● Task item
In the copy you make of the entries, no picture should appear, and every word must match.

[Recorded data]
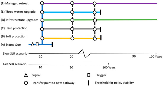 There are several decision-making processes available that facilitate pre-emptive adaptation decisions and which address uncertainty and changing risk in situations where the stressor is ongoing, such as SLR [8,10,23,24]. Dynamic Adaptive Pathways Planning (DAPP) is one such method and has emerged as a ‘fit-for-purpose’ method for climate change adaptation planning to address widening future uncertainty where the risk is changing over long planning timeframes [8].
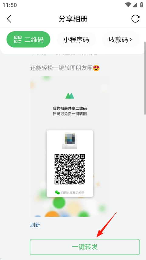 2、在分享相册页面,您可以将二维码展示给他人扫码来分享相册,也能点击下方的一键转发按钮完成分享。
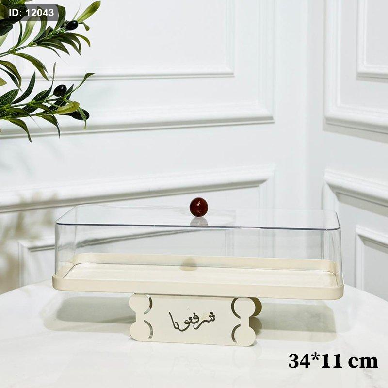 مضيفة كيك مستطيل 34*11سم تنك بيج غطا اكرلك قاعدة محفر شرفتونا K55/3 =ك1
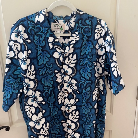 HAWAIIAN SHIRT KYS MADE IN HAWAII XL 100% COTTON NEW BLUE WITH WHITE FLOWERS
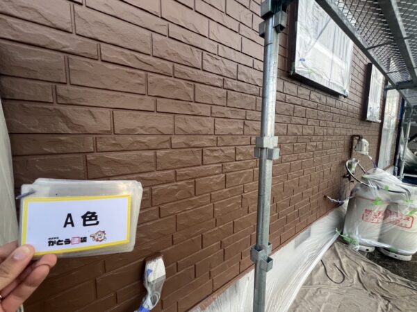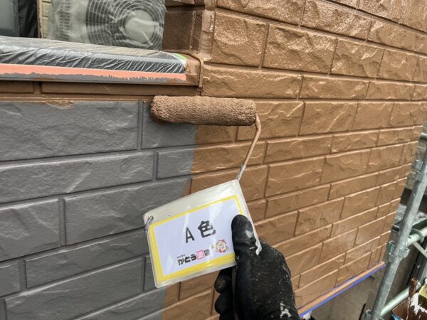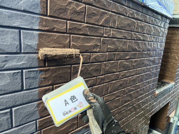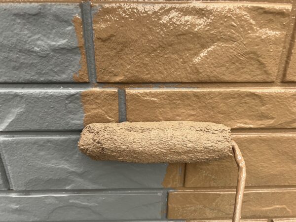 合志市F様邸外壁塗装,WB多彩仕上げ工法のA色を塗装しました
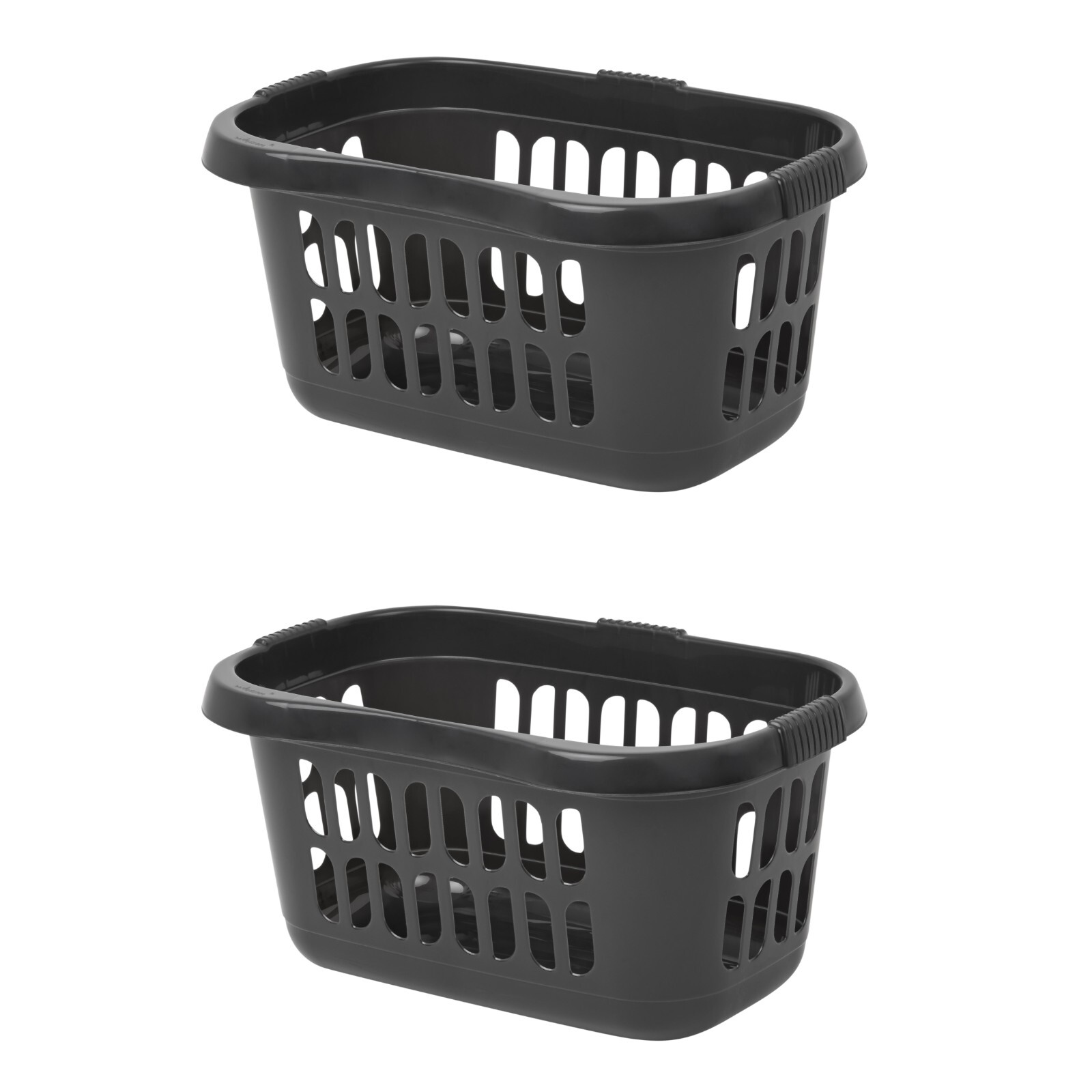 2 x Plastic Laundry Basket Hipster Washing Drying Clothes Linen Storage - Black
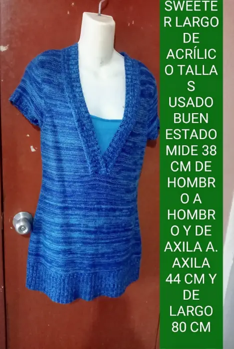 SWEETER TALLA S LARGO MANGA CORTA USADO BUEN ESTADO MIDE 38 CM DE HOMBRO A HOMBRO Y 44CM DE AXILA A AXILA Y 88 CM DE LARGO
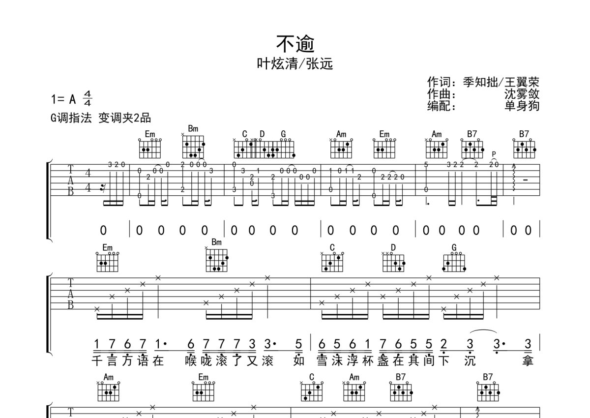 叶炫清/张远《不逾》吉他谱 - G调弹唱六线谱

● Response to the task
 There are several decision-making processes available that facilitate pre-emptive adaptation decisions and which address uncertainty and changing risk in situations where the stressor is ongoing, such as SLR [8,10,23,24]. Dynamic Adaptive Pathways Planning (DAPP) is one such method and has emerged as a ‘fit-for-purpose’ method for climate change adaptation planning to address widening future uncertainty where the risk is changing over long planning timeframes [8].
 2、在分享相册页面,您可以将二维码展示给他人扫码来分享相册,也能点击下方的一键转发按钮完成分享。
 مضيفة كيك مستطيل 34*11سم تنك بيج غطا اكرلك قاعدة محفر شرفتونا K55/3 =ك1
 HAWAIIAN SHIRT KYS MADE IN HAWAII XL 100% COTTON NEW BLUE WITH WHITE FLOWERS
 合志市F様邸外壁塗装,WB多彩仕上げ工法のA色を塗装しました
 2 x Plastic Laundry Basket Hipster Washing Drying Clothes Linen Storage - Black
 SWEETER TALLA S LARGO MANGA CORTA USADO BUEN ESTADO MIDE 38 CM DE HOMBRO A HOMBRO Y 44CM DE AXILA A AXILA Y 88 CM DE LARGO
 叶炫清/张远《不逾》吉他谱 - G调弹唱六线谱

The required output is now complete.